Whoever's in control wields some power as to committee appointments, schedules, yada-yada. It can be abused when procedure--sacred at times and utter crap at times, if the last 4-14 years is any indication--is to be acknowledged.
Otherwise, it's like the awesome steamroller that was the (D) Senate. Oh--wait!--it had a couple of members, often more, that kept it from steamrolling all that much. Oops. The analogy seems to reflect its first 4 letters more than not.
I've heard commentary that once the (R) had a majority in the Senate--something that's happened--of course they'll be united as a bloc.

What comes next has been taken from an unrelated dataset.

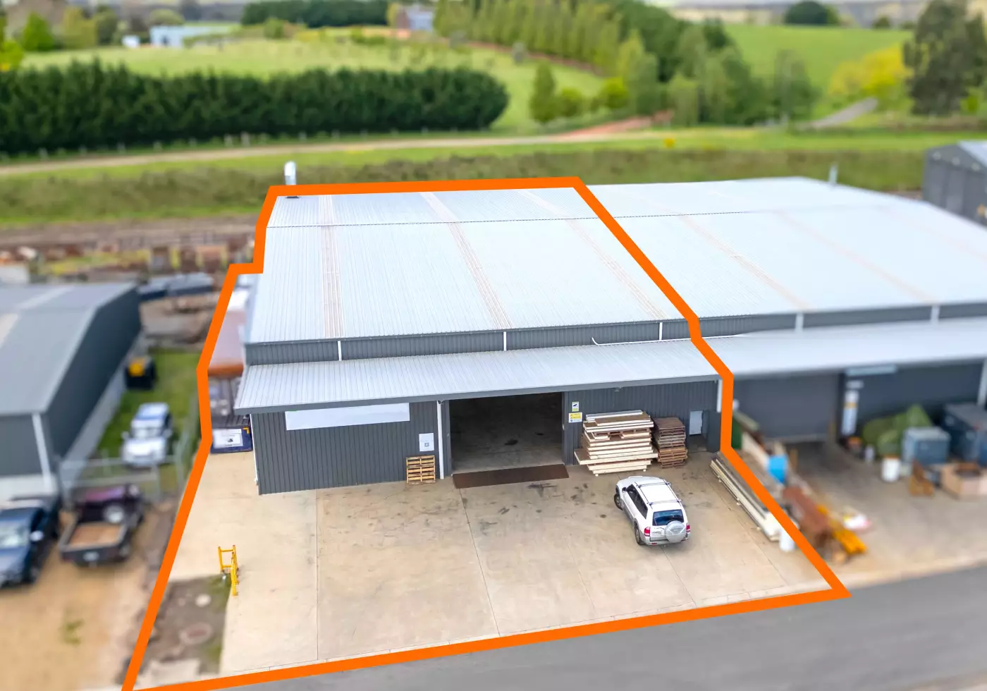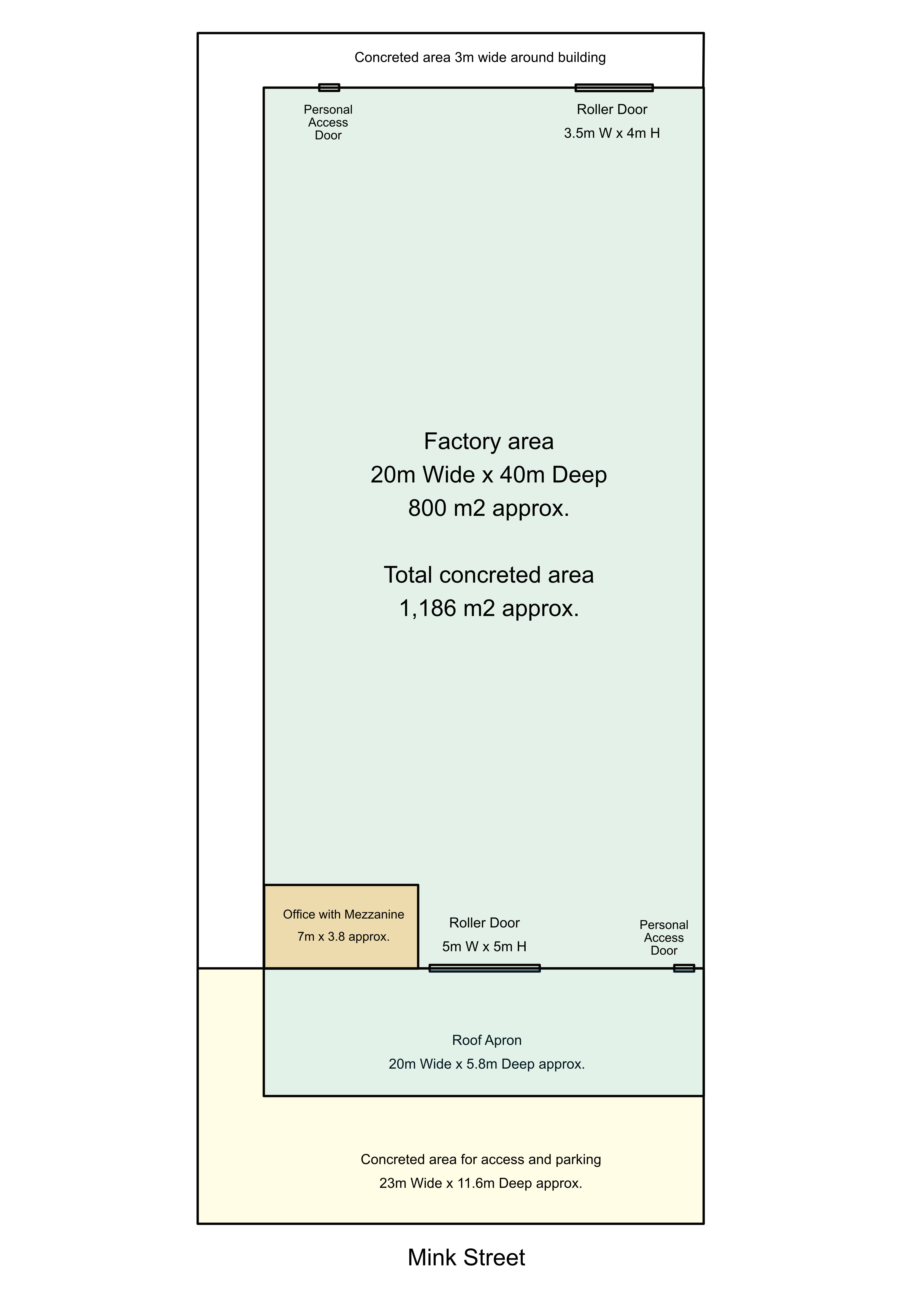 A practical office with kitchenette and toilet facilities provides a comfortable administrative space, while the total concreted area of approximately. 1,186m² allows easy vehicle and equipment movement.
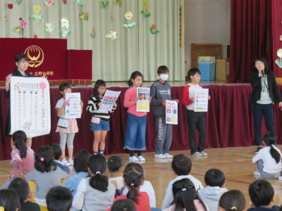 校長からは「恩送り」の話をしました。下の学年の子にかけた心を、下の学年の子がさらに下の学年に送っていく。そんな学校がすばらしいよ、という内容です。1年生はいよいよ明日から「おは走」も始まるようですよ。頑張ってね!!

To which I thought, "Right, just like the (D) were a bloc in the Senate and the (R) an absolutely rocks solid bloc in the House." Then I noticed that the pundits all sported a tacit (D) and were catastrophizing. Fractured rocks tend to have fractures.
The Senate's (R) majority will be greater than the (D) majority is, so the narrowness is likely to be a bit less crippling and the filibuster, derided when (D) ruled because stood in our way but now surely to be praised because it stands in the (R)s' way, froze legislation, will be a bit more useful. But any (R) majority in the House will be so scant as to empower any (R) "Gang of 4" that self-forms for a specific cause or give power to any group of (D) whose support the leader of the House will accept.
The next Congress isn't divided, just functionally 90% divided. On big things where Trump and the leaders can compel compliance and find loopholes that I think are scurvy in a party-independent way, sure, things will be rammed through. But democracies should be ramming anything through any citizen.